Winston Sesilia Vaka and his fellow students from St Agnes Catholic High School were interviewed and performed a haka live on Network Ten’s Studio 10 program to talk about their involvement in the Haka Warrior competition
Students from St Agnes Catholic High School Rooty Hill have joined over a hundred young men from around Western Sydney to take part in the 2021 Haka Warrior Competition - an event which is being lauded for much more than its powerful performances.
After a one-year hiatus due to the COVID-19 pandemic, the Haka Warrior competition returned with a bang this year with an expanded program involving 10 schools, culminating in a competition at West HQ in Rooty Hill.While the Maori haka is famous thanks to the New Zealand All Blacks rugby team, students involved in the Haka Warrior Competition adapted their performances to reflect the diverse Polynesian and Pacific Island communities they represent.

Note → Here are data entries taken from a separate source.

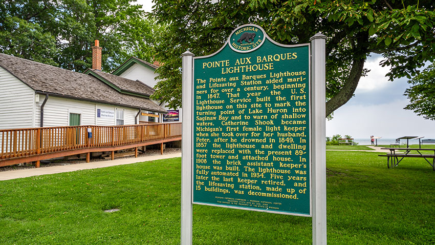 Now, as president of the Pointe aux Barques Maritime Museum, she is leading efforts to open the former life-saving station (active 1876 to 1937) as a museum, improve the existing museum in the former lighthouse keeper’s house and preserve the majestic lighthouse for posterity. These efforts have been supported by Michigan Lighthouse Assistance Program grants. Since 2000, the State Historic Preservation Office has awarded matching grants annually from the revenue generated by the sales of the Save Our Lights fundraising license plate. Grants were made to the Pointe aux Barques Lighthouse Society ($30,900 in 2004) and Huron County Road Commission ($16,000 in 2010 and $26,633 in 2014) to support restoration and preservation of structures at Pointe aux Barques.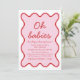 Convite Cor-de-rosa e Chá de fraldas vermelho moderno ondu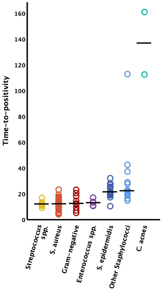 - Streptococcus species, Staphylococcus aureus, and Gram-negative bacteria exhibited the shortest time to positivity (TTP) in our cohort, with 100% of these microorganisms being detected within 48 h after inoculation.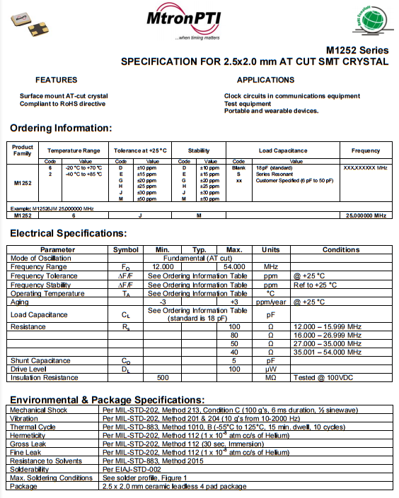 M12526JM48.000000MHz晶振,進口MtronPTI晶振,航天飛行器晶振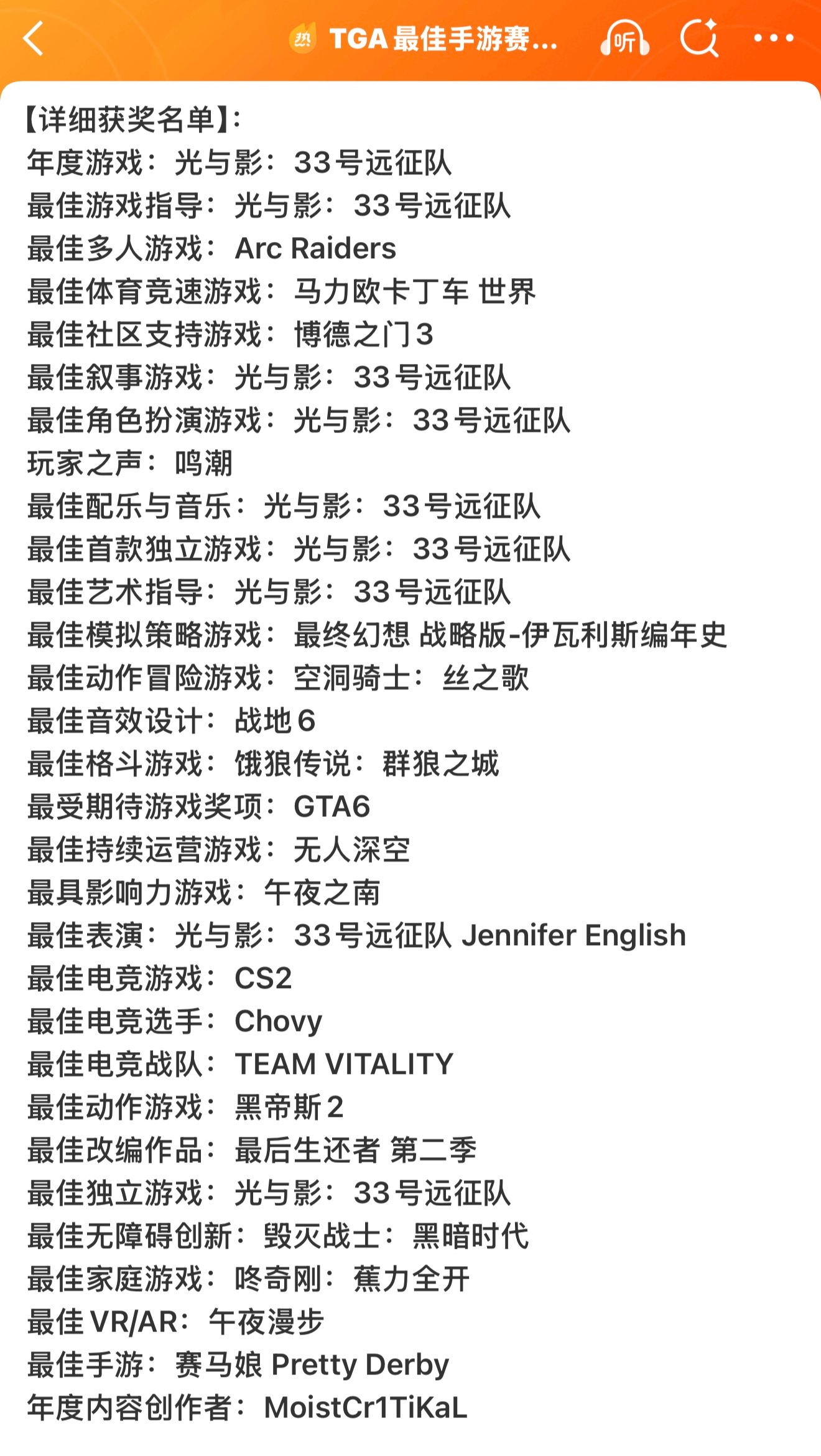 TGA2025天国拯救2一个奖都没有。太扯淡了吧?这种榜单不过就是资本想捧谁就捧谁,谁充值多就给谁。 和英国QS又有什么区别呢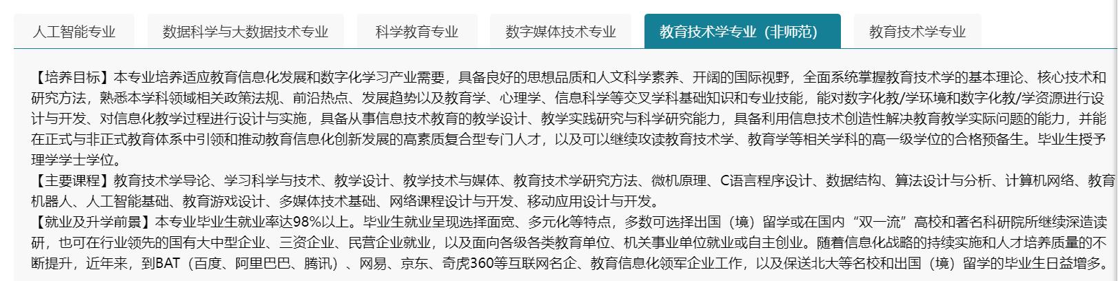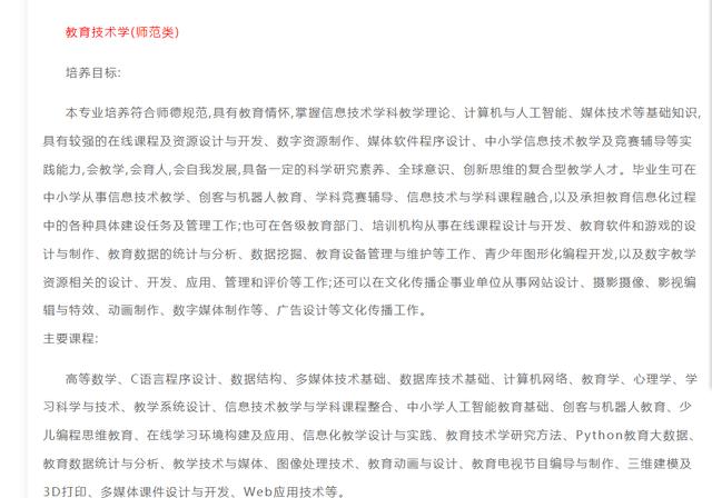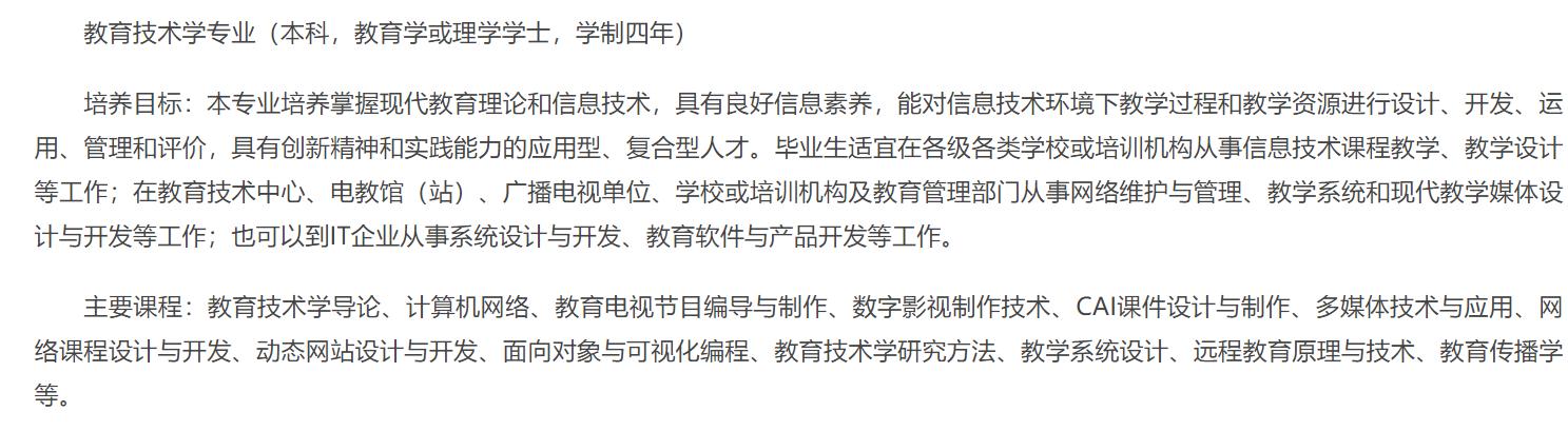 1.专业定义:该专业培养具备良好的政治思想素质和人文科学素养、开阔的国际视野、较强的创新精神和实践能力,系统掌握教育技术学基本理论、方法和技术,能对数字化教学环境和数字化教学资源进行设计与开发,对信息化教学过程进行设计与实施,及能引领和推动教育信息化创新发展。

St Agnes performs on stage during the Haka Warrior competition
“Even though the haka is native to New Zealand, 80 percent of the boys in the program are not Maori,” explained PCYC Blacktown club manager JoJo Tau. “It doesn’t matter what culture or background you’re from, we’re still the same. The fact that the Polynesian and Tongan boys are embracing it is beautiful.”

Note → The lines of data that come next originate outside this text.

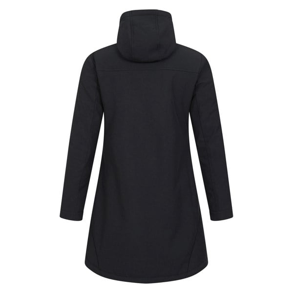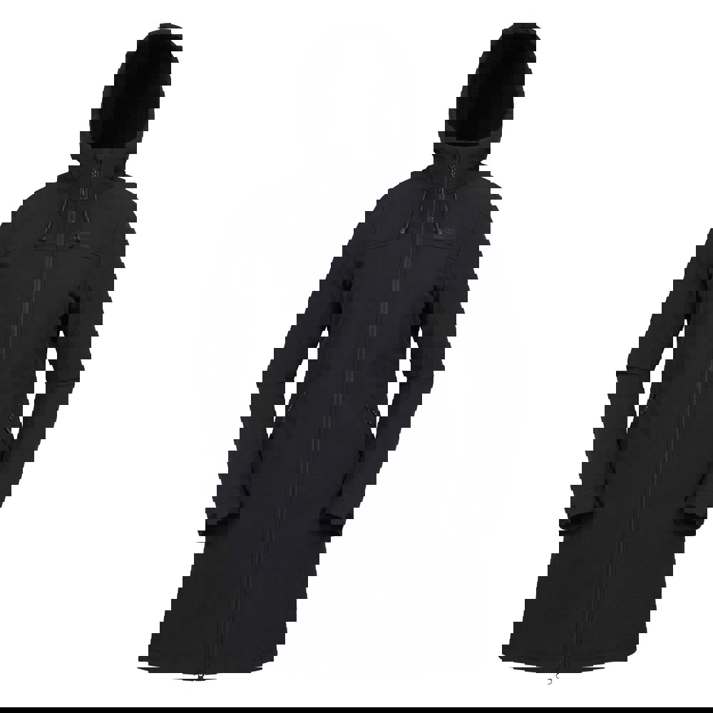 This longline soft shell jacket is made from woven fabric and finished with a soft lining in faux fur and fleece. It has a plain design and a hooded neckline, with a drawcord at the hood for adjustment. Long sleeves are finished with hook and loop strap cuffs.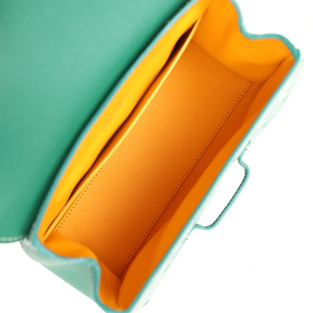 This Saigon Souple Mini is of green calfskin leather and goyardine canvas with palladium hardware, features front flap, top handle, removable strap and tonal stitching.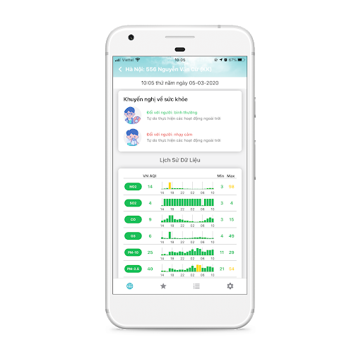 - Hiển thị chỉ số chất lượng không khí (AQI) theo giờ và ngày hiện tại; cung cấp biểu đồ diễn biến giá trị AQI của các giờ trước, ngày trước; đưa ra các khuyến nghị về sức khỏe tương ứng với tứng giá trị AQI;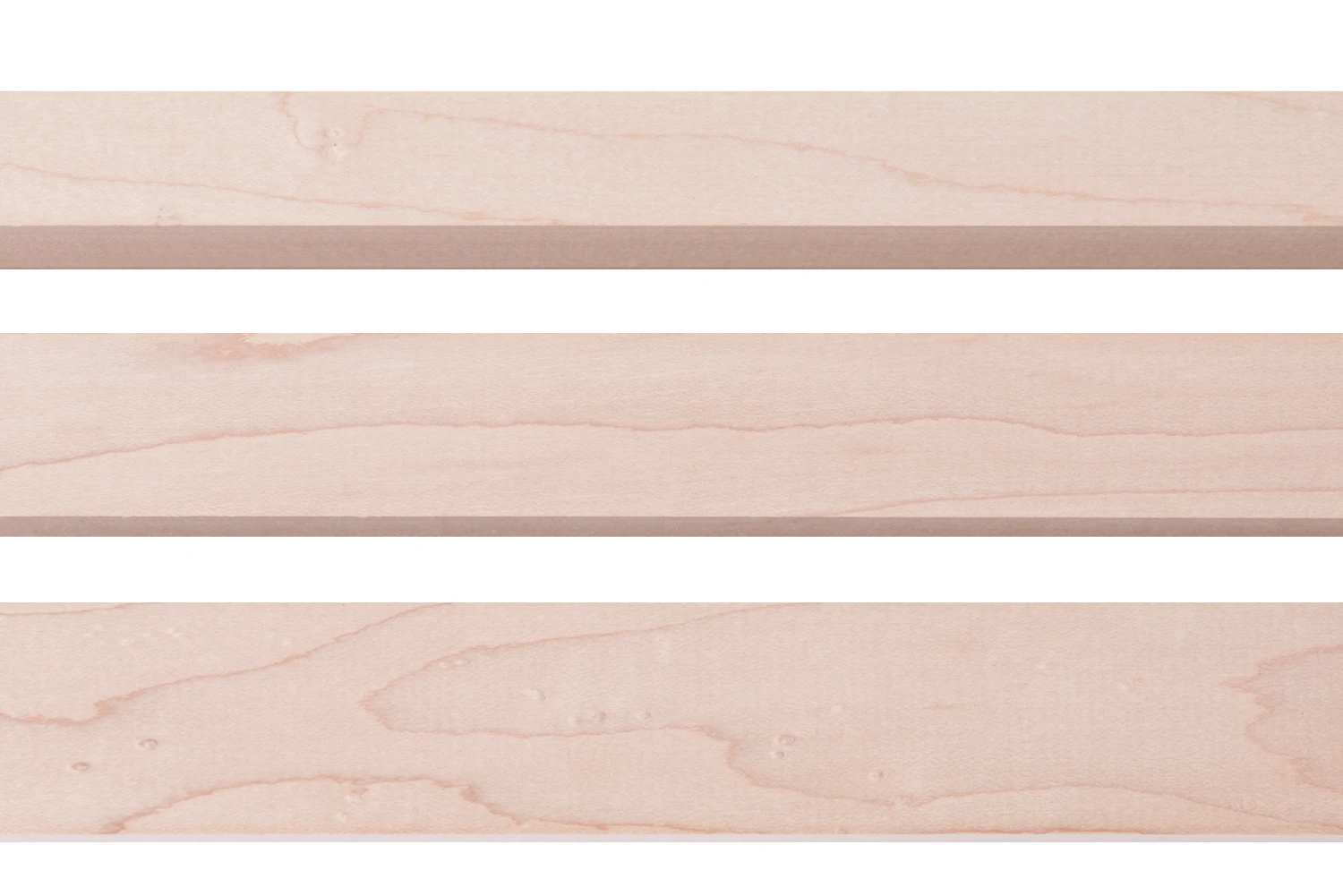 Unlike most other hardwoods, the sapwood of hard maple lumber is most commonly used rather than its heartwood. Sapwood color ranges from nearly white, to an off-white cream color, sometimes with a reddish or golden hue. The heartwood tends to be a darker reddish brown. Fairly easy to work with both hand and machine tools, though slightly more difficult than soft maple due to hard maple’s higher density.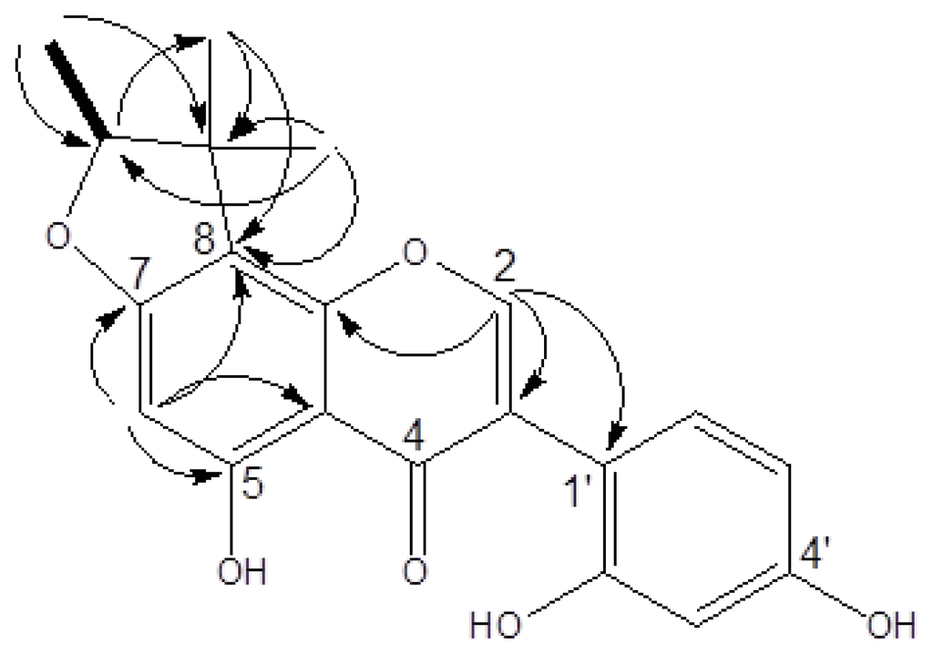 Compound 1 was obtained as a yellow amorphous solid. The HRESIMS of 1 showed a molecular ion at m/z 377.1001 [M + Na]+, indicating a molecular formula of C20H18O6 (calculated 377.1005). UV absorptions at 263, 295, and 335 nm suggested the presence of an isoflavone skeleton. The IR spectrum showed characteristic absorptions for a hydroxy (3377 cm−1), carbonyl (1651 cm−1), and aromatic (1615 and 1506 cm−1) functionalities. The 1H NMR of 1 (in acetone-d6) showed a signal at δH 8.19 (1H, s), which represented a characteristic signal of H–2 in the isoflavone nucleus (Table 1). From the COSY spectrum, the correlation of one oxymethine (δH 4.57, 1H, q, J = 6.4) with one methyl (δH 1.4, 3H, d, J = 6.4), as well as the observed HMBC correlations (Figure 2), suggested that a furan moiety is fused to ring A in 1. The 1H and 13C NMR data of 1 (acetone-d6, Table 1) were similar to those of a previously identified isoflavone, known as 5,7,4′-trihydroxy-4″,4″,5″(ξ)-trimethyl-4″,5″-dihydro-furano-(7,6,2″,3″)isoflavone []. Guided by the reported data of the known compound, we were able to elucidate the structure of compound 1. Acetone-d6 and pyridine-d5 were used as solvents for 1H and 13C NMR analysis of 1 and the spectra were compared to those of the known compound []. For example, in compound 1 we noticed an ABX spin systems at δH 6.49 (1H, d, J = 2.2), 6.43 (1H, dd, J = 8.4, 2.2), and 7.12 (1H, d, J = 8.4) indicating the presence of unusual 1′,2′,4′-trisubstitutions on ring B as well as an aromatic proton on ring A at δH 6.22 (1H, s). These data were similar to those reported for the known compound [].

Each team delivered two initial performances with the top eight going on to compete in head-to-head finals with Evans High School ultimately crowned the winners.
Evans High School won the 2021 Haka Warrior competition
“Our program is not about the haka itself. It’s about the components and applying them to their everyday lives - the discipline, the respect, the determination, the pride. We use the haka as a vehicle.”
“It’s all about showing to others that we’re ready, that we’re warriors and we will represent our culture no matter what,” said St Agnes Catholic High School student Winston Sesilia Vaka.
“Throughout the whole program, their growth, increased self esteem and confidence, their leadership skills have all really shone through,” added Samantha Padovani, Family School Liaison Officer at St Agnes Catholic High School and St Clare's Catholic High School. “Supporting each other and most importantly believing in themselves was a powerful part of their development through this program.”
Organisers and participants were thrilled to see the showcase attract considerable national media attention with Network 10, ABC, Nine Network and SBS all covering the competition.
“It’s exhilarating,” said Winston. “Even before you get onto stage, it really pumps you up knowing that you’re up next. Being on stage, it’s exciting to show who you are, especially when your family is out in the audience.”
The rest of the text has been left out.